Волошин все время выходит за те рамки, в которых его статья могла бы восприниматься как обычная рецензия. В «Ликах творчества» он — и рассказчик, и репортер, и интервьюер, и мемуарист. Для создания синтетического портрета писателя он не ограничивается разбираемым текстом, ему необходимы и знакомые лишь в интимном общении биографические реалии, бытовые подробности. Едва ли не первым он говорит об излюбленной страсти Ремизова к старинному каллиграфическому письму: «Как Лев Николаевич Мышкин, Ремизов любит почерк. Он ценит, собирает и копирует старинные манускрипты и пишет рукописи свои полууставом, иллюминируя заглавные буквы, что придает внешности их не меньшую художественную ценность, чем их стилю». Такое письмо — поздравление с днем рождения — Ремизов направил 19 янв. 1907 г. М. В. Сабашниковой — жене Волошина (ИРЛИ, ф. 562).
Особое внимание Волошин уделяет ремизовским игрушкам, о которых говорит, имитируя стиль «Посолони»: «Его письменный стол и полки с книгами уставлены детскими игрушками: <…> Белая мышка-хвостатка <…>, белки-мохнатки <…>, глиняная курица с глупым и растерянным лицом <…>, Зайчик-Иваныч <…>.

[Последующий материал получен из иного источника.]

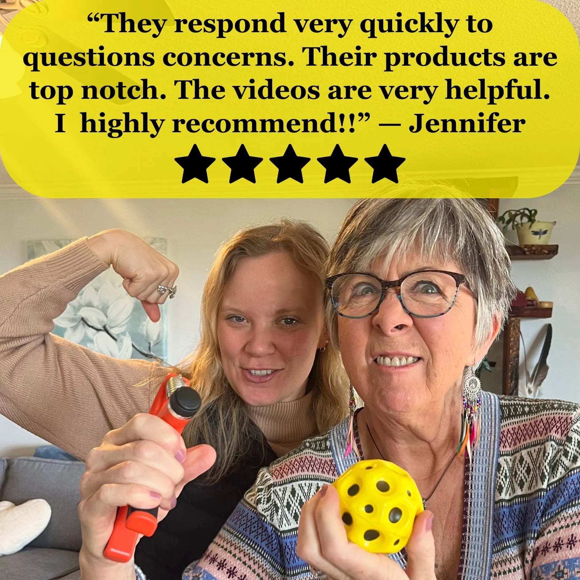Yes, this bundle is designed with older adults in mind, including those with arthritis or limited mobility. The Grippey hand gripper is soft and gentle on the hands, making it easy to squeeze even if you have joint pain. The Volley balloons and Strikeyball set can be used while seated or standing, and you can go at your own pace without feeling rushed or strained. The Sockeys provide extra stability without restricting circulation, making every part of this bundle safe, comfortable, and effective for your needs.

А вот это Наташин медведь — Наташа-то уехала, он и голову опустил. А раньше он все с ней был и в ванне с ней вместе купался. Лапы-то у него передние и отмокли <…>.
У домашнего очага Ремизова эти грубо сделанные игрушки <…>, действительно, остаются богами, сохранившими свою древнюю власть над миром явлений, и от них возникают его художественные произведения <…>.
И сам Ремизов напоминает всем существом своим такого загнанного бога, ставшего детской игрушкой».
Любопытная подробность, дополнительно иллюстрирующая эту интимно-биографическую сторону статьи: игрушечного медведя дочери Ремизова Наташе подарил Волошин. 7 янв. 1907 г. Ремизов писал Волошину: «Недавно вернулись от Наташи <…>. Вашего медведя кормит окурками: положит туда, знаете, — и ждет, когда съест. И ей всегда кажется, что он съел» (ИРЛИ, ф. 562).
Представление о родстве сказок Ремизова с детскими игрушками, теплым уютом, человеческим очагом с его «домашними ларами и пенатами» оказалось устойчивым в сознании Волошина. В 1909 г., рецензируя «Сорочьи сказки» А. Н. Толстого, Волошин сопоставляет их тематику и стиль с опытами в этом жанре Сологуба и Ремизова, мир ремизовских сказок для него — это «мир и уютной, и беспокойной, и жуткой комнатной фантастики»[188].
Свою статью о «Посолони» Волошин заканчивает предсказанием писательской судьбы Ремизова, которому поразительным образом суждено было воплотиться в последующие десятилетия: «Призвание Ремизова быть сказочником-сказителем, ходить по домам, как делают это теперь уже многие сказочники в Англии и Америке, и, кутаясь в свой вязаный платок, рассказывать детям и взрослым своим таинственным, вкрадчивым голосом бесконечные фантастические истории про забытых и наивных человеческих богов. Его книги будут важны и ценны в русской литературе и без этого, но если он не станет настоящим бродячим сказителем своих историй, то он не последует своему истинному призванию».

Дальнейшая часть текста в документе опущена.